The resulting surrogate model is obtained by training the regressor.

In [None]:
surrogate = regressor.train()

This surrogate model can then be used to predict the (high-fidelity) output for any point in the design space.

In [None]:
test_sampler = f3dasm.sampling.LatinHypercube(design=mf_design_space[-1])
test_data = test_sampler.get_samples(numsamples=500)

mean, var = surrogate.predict(test_data)

Finally, let's plot the prediction alongside the exact objective landscape.

In [None]:
test_data.add_output(mean)
test_data_var = np.hstack((test_data.data.values, var))
test_sort = test_data_var[test_data_var[:, 0].argsort()]

ucb, lcb = [test_sort[:, 2] + 2 * (-1) ** k * np.sqrt(np.abs(test_sort[:, 3])) for k in range(2)]

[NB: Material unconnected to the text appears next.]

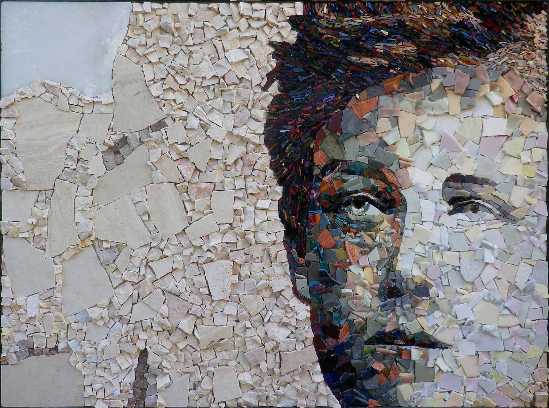 Figures of the modern and contemporary mythology Arthur Rimbaud, 60.5 x 51.5 cm, smalt, marble. Baudelaire, 2012, 121 x 90 cm, smalt, marble. Rimbaud, 2013 – 104 x 141 cm – smalt, marble Deleuze, 2014 – 42,2 x 73,2 cm – smalt, marble Houellebecq – 151 x 151 cm – smalt, marble

import matplotlib.pyplot as plt
hf_data = train_data.data.loc[train_data.data['input', 'fid'] == 1.]
plt.scatter(hf_data['input', 'x0'], hf_data['output'], label='High fidelity data', c='b')
plt.plot(test_sort[:, 0], test_sort[:, 2], color='purple', label='High fidelity prediction')
plt.fill_between(test_sort[:, 0].flatten(), lcb, ucb, color='purple', alpha=.25, label='Confidence')
plt.plot(test_sort[:, 0], base_fun(test_sort[:, 0][:, None]), 'b--', label='High fidelity exact')
plt.xlabel('x')
plt.ylabel('y')
plt.legend()
plt.show()

### 5. Exercises.
1. Change the (base) function into the Schwefel function. What do you notice?
2. Use `50` high-fidelity data points and `500` low-fidelity data points. Compare the result with the single-fidelity result with suggested hyperparameter settings of Exercise 3 in part A. What do you notice?